I dati relativi ai potenziali alias di Messina Denaro appartengono a persone esistenti, di cui 14 originarie del Trapanese – tra Campobello di Mazara e Castelvetrano – e nate tra il 1961 e il 1973, età abbastanza compatibili con quella di Messina Denaro, che era del 1962. Chi indaga ha delegato la polizia ad acquisire negli ospedali riuniti Villa Sofia-Cervello di Palermo, in banche dati e in altre strutture ospedaliere della città prescrizioni, ricette e documentazione sui ricoveri riferibili alle 15 identità. Intanto ieri la Corte d’appello di Palermo ha ridotto le pene decise in primo grado nei confronti di Lorena Lanceri – legata sentimentalmente a Messina Denaro – e del marito, Emanuele Bonafede. In primo grado, col rito abbreviato, Lanceri era stata condannata per associazione mafiosa a 13 anni e quattro mesi di reclusione, ma il collegio di secondo grado ha derubricato i reati contestati in favoreggiamento personale e procurata inosservanza della pena, per cui la donna è stata condannata a cinque anni e otto mesi.

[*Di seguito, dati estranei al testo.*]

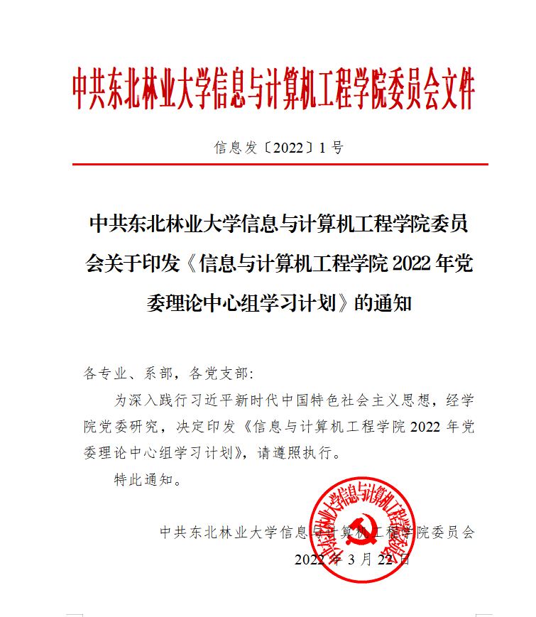 中共sunbet申搏信息与计算机工程公司委员会关于印发《信息与计算机工程公司2022年党委理论中心组学习计划》的通知
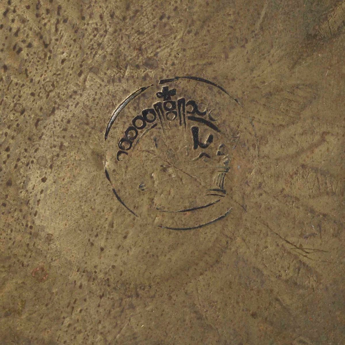 Un vassoio e due piatti in ottone sbalzato e cesellato. Arte del vicino oriente (Persia?) XIX secolo
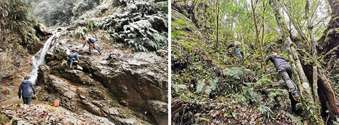 2021年12月的一天,勘察分院麥高飛同志與其他同志早上7點天未亮就起床去腳基坪電站廠房接向導(林場護林員),8點30分在溝口架設好RTK基站后,他們和兩名向導就沿著泥石流溝(黃沙溝)順溝而上,沿途雨雪交加,雪越下越大,到處都是陡坎跌水與溪流,在向導帶領下,他們四肢并用攀爬在亂石遍布的溝谷,經過不懈的努力,終于在中午兩點左右測放完粽隧ZK2號深孔。饑寒交迫的他們在附近的小溪邊冒雪草草吃了幾口自熱方便飯后,就立即返程。于晚上6點30分左右安全到達腳基坪電站附近的318國道邊,共用時10個小時。在上山的路上,汗水濕透了內衣,雨雪打濕了外套,放孔后的他們被寒風吹得瑟瑟發抖,艱難到達318國道邊后,累得癱坐在公路邊的值班車上,只想坐下來好好休息。這僅僅是麥高飛同志進行地質勘察工作的一個縮影!這也是麥高飛同志的工作日常!
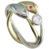Platinum and Gold Double Snake Ring with Ruby and Diamond Eyes
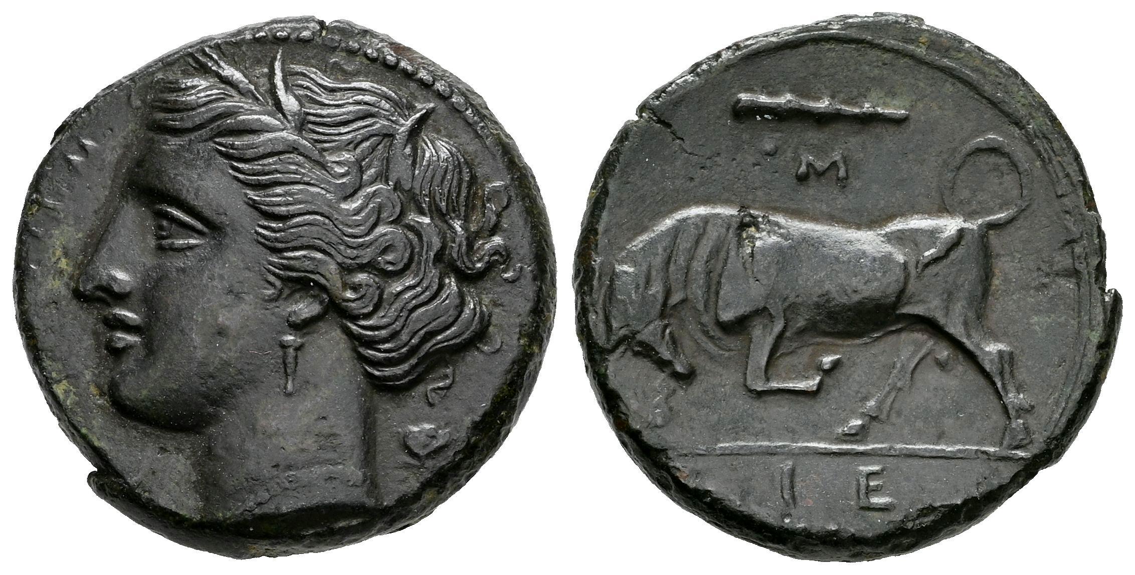 Sicilia. Siracusa. AE 19. 317-289 a.C. Tiempos de Agathokles. (Sng Ans-580). (Calciati-II 345, 191Ds 65RI 12). Anv.: Cabeza de Aretusa a la izquierda; ΣΥΡΑΚΟΣΙΩΝ delante, racimo de uvas detrás. Rev.: Toro embistiendo a la izquierda; Maza arriba con M abajo, I E en exergo . Ae. 5,79 g. Atractivo ejemplar. Rara así. Ex Hess Divo 310 (22/10/2008), lote 34. EBC. Est...200,00.

Riduzione di pena anche per Emanuele Bonafede: la Corte d’appello lo ha condannato a quattro anni e quattro mesi per gli stessi reati contestati alla moglie, mentre in primo grado la condanna era a sei anni e otto mesi. Lanceri, che nella scorsa udienza – nel corso di lunghe dichiarazioni spontanee – ha ammesso la sua relazione con Messina Denaro, ha spiegato di aver saputo soltanto in un secondo momento chi fosse veramente l’uomo. La donna si sarebbe presa cura del boss e per anni si sarebbe occupata della sua corrispondenza, consentendogli di rimanere in contatto con i familiari di lui e con altri mafiosi. In cambio la coppia di coniugi avrebbe avuto da Messina Denaro dei regali, come un orologio Rolex che il boss avrebbe acquistato per il loro figlio. Emanuele Bonafede è il cugino di Andrea Bonafede, il geometra di Campobello di Mazara che avrebbe prestato l’identità a Messina Denaro.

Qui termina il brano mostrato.